> _Task instructions_
Give back one number only: how many lines in the material below contain "مکتب".

[The data — start]

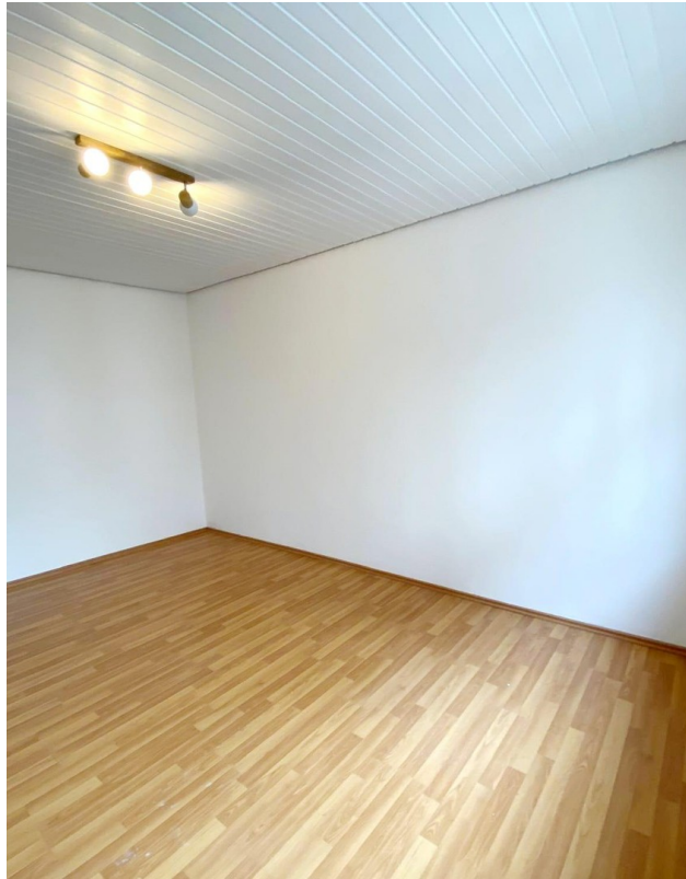
WG Zimmer inkl. Deckenlampe
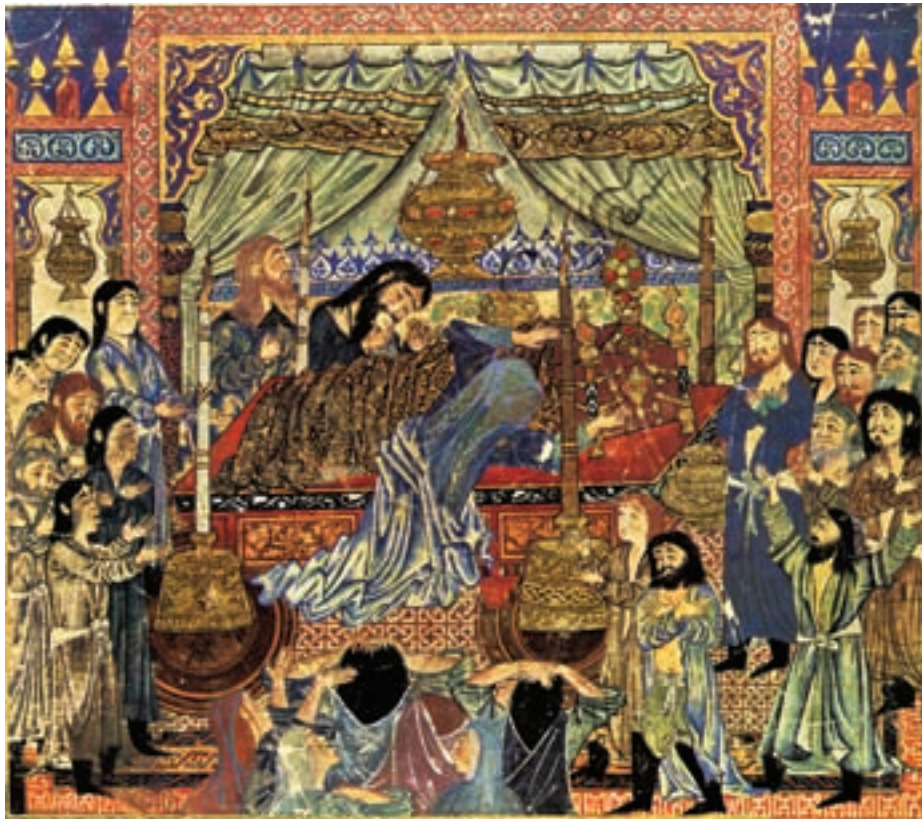
تصویر ۹-۱- مرگ اسکندر، شاهنامه فردوسی، مکتب تبریز، قرن هفتم، واشنگتن

از همین جا، پایه ی مکتب تبریز در نقاشی ایران پی ریزی شد. ارتباط ایلخانان مغول با اقوام خود در کشورهای دیگر از جمله چین، باعث نفوذ برخی از عناصر نقاشی چین در نقاشی ایرانی شد. این عوامل عبارت اند از ابرهای مواج کنگره دار و داخل هم، تنه گره دار بسیار پیچیده درختان، صخره های بلند و قله های نوک تیز و دشت های بریده و مقطع و به طور کلی نوعی منظره سازی ناهمگن با تلفیق نقاشی ایران، خصوصیات نقاشی عصر مغول را به وجود آورده است. در این دوره ارتباط پاره ای از امیران مغول با دیانت مسیح و حضور تعدادی افراد مسیحی در دربار، راه را برای نفوذ عناصر نقاشی بیزانس باز کرد. حضور این عناصر را می توانیم در نمایش چین و شکن لباس ها و به کارگیری سایه روشن در آن مشاهده کنیم (تصویر ۹-۱).
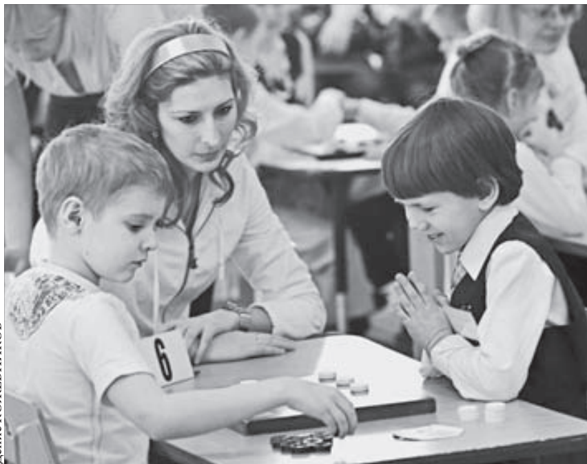
И близок миг победы...

У меня только одно желание норильским покупателям: уважайте труд других людей. У всех нас есть сложности – на работе, дома. Давайте не усугублять проблемы. Лучше лишний раз улыбнуться друг другу.
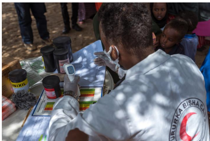
Sjuksköterska vid hälsoklinik.

I Somalia är tillgången till vård begränsad för många människor. Landet har en av världens högsta dödlighet för barn under fem år. De vanligaste dödsorsakerna bland barn är lunginflammation, diarré och mässling – sjukdomar som alla kan behandlas med rätt medicinsk vård. Därför stödjer vi Somaliska Röda Halvmånens hälsoprogram som ger tillgång till hälso-och sjukvård genom mobila och stationära hälsokliniker. Genom klinikerna når vi fram till människor i mycket avlägsna regioner med grundläggande sjukvård, mödra- och barnvård. Klinikerna gör särskilda insatser för att upptäcka barn som riskerar undernäring och ge näringssupplement till de som behöver det så att de kan växa och
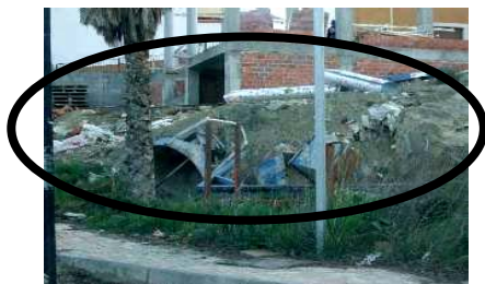
Escombrera en la entrada a "Altos del Puente Nuevo". Febrero 2008
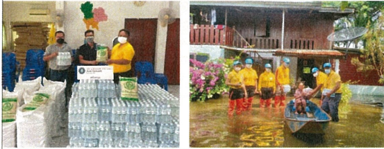
มอบข้าวสารและน้ำดื่มเพื่อช่วยเหลือผู้ประสบอุทกภัย ในเขตตำบลบ้านยาง และ ตำบลคอนหุด จ.สระบุรี
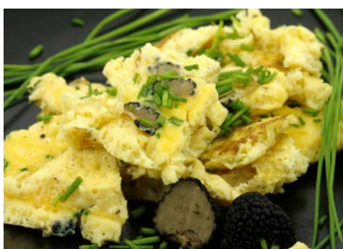
Exquisit – Trüffelomelette
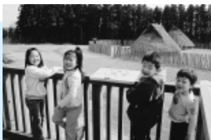
遺跡を一望できる見晴台もあるよ！
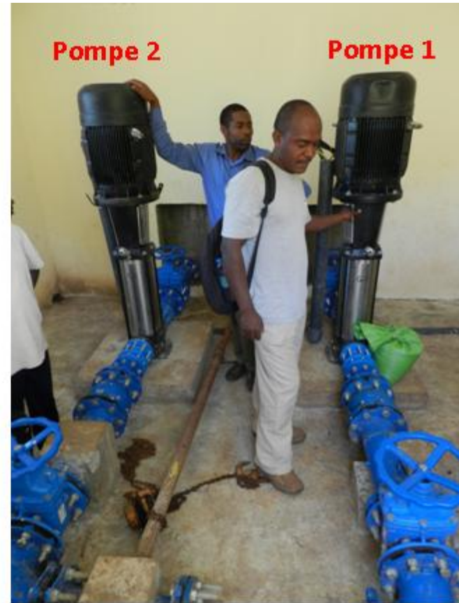
Station de Pompage de l'AEP/SIMA
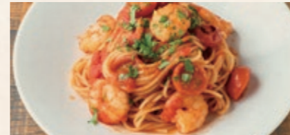
天然海老とトマトのバスタ 1680 Tomato Pastawith Shrimp
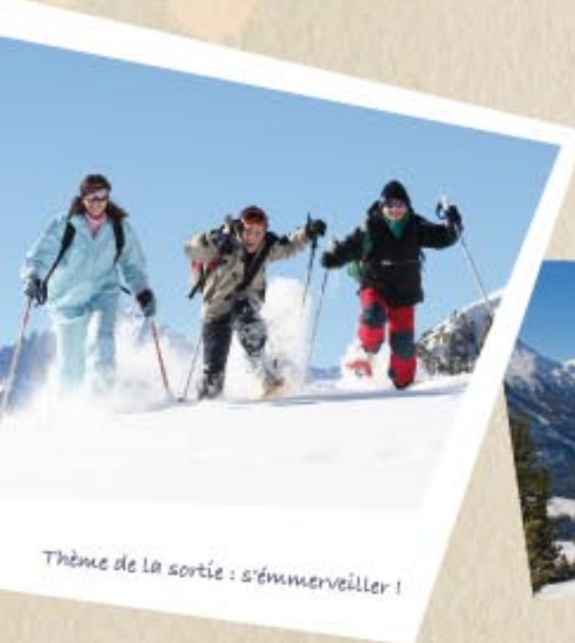
Thème de la sortie : s'émerveiller !
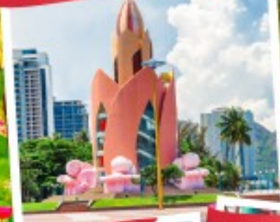
Nha Trang Cathedral
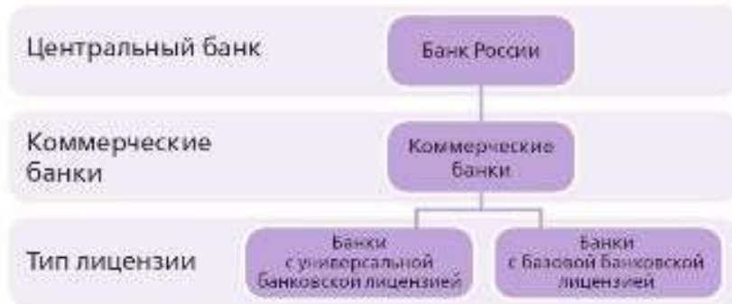
Рисунок 1. Трехуровневая российская банковская система

Но давайте рассмотрим вопрос о банковской системе РФ по порядку, сначала выяснив, какие функции выполняет Банк России.
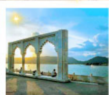
Ana Sagar Lake
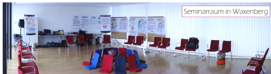
Seminarraum in Waxenberg

Für eine Zimmerreservierung in der Nähe des Tummelplatzes sind die nächstgelegenen Hotels das Hotel Schwarzer Bär, das Hotel Wolfinger und der Mühlviertlerhof. Weitere Möglichkeiten www.tiscover.com/linz oder http://www.linz.at/tourist/hotel_suche.asp oder www.booking.com .
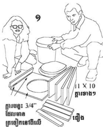
១ ក្បាលបន្ទះ 3/4" ដែលមាន ត្រចៀកនៅពីលើ
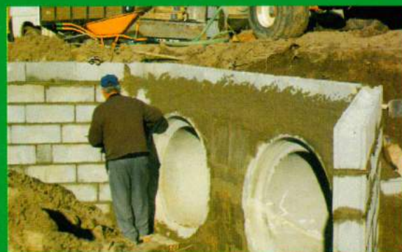
Pontão Rua Pinheiro - Carapuções (Obras)
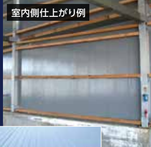
室内側仕上がり例
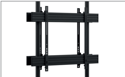
Montageseitig höhenverstellbar entlang der Poles
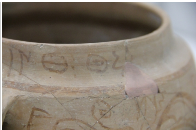
Créditos: Museu de Prehistòria de València. Foto: ALF (junio2014)
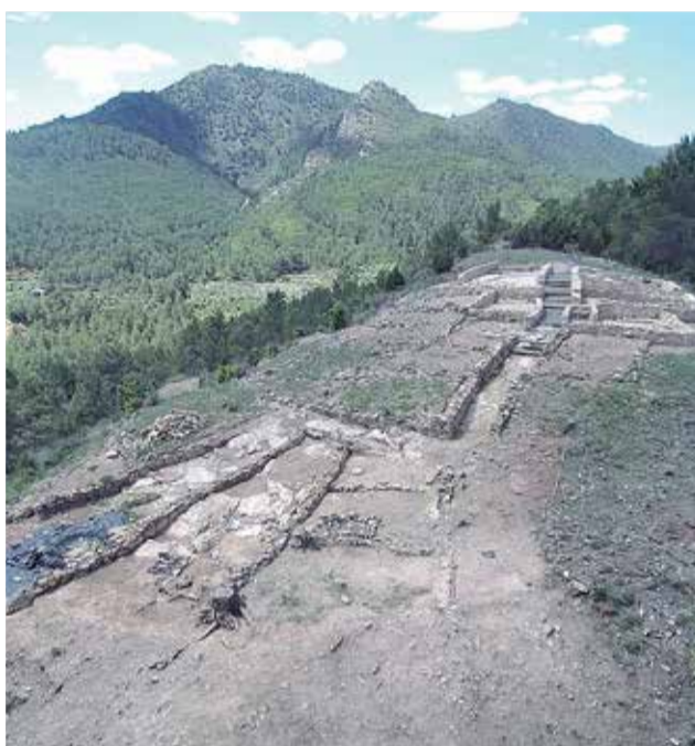
El poblado del Monte Calvario ubicado en Montán.

► PATRIMONIO HISTÓRICO. Está catalogada como Bien de Interés Cultural.
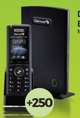
Denwa DW-X400 Base DW-X410 Multicelda
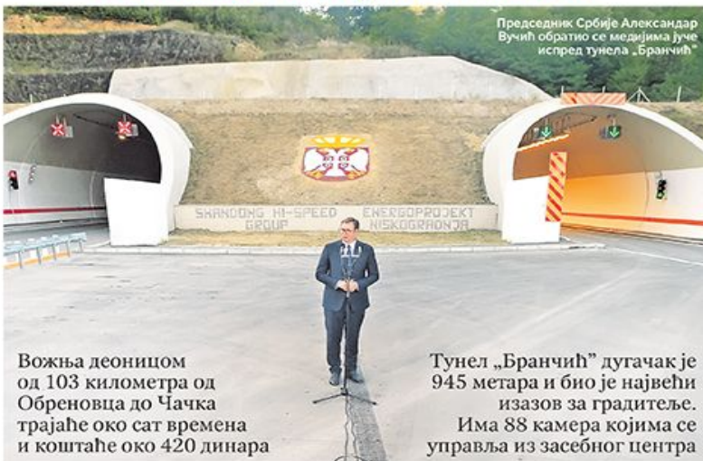
Председник Србије Александар Вучић обратио се медијима јуче испред тунела „Бранчић“

Вожња деоницом од 103 километра од Обреновца до Чачка трајаће око сат времена и коштаће око 420 динара

[The data — finish]

> _Task result_
2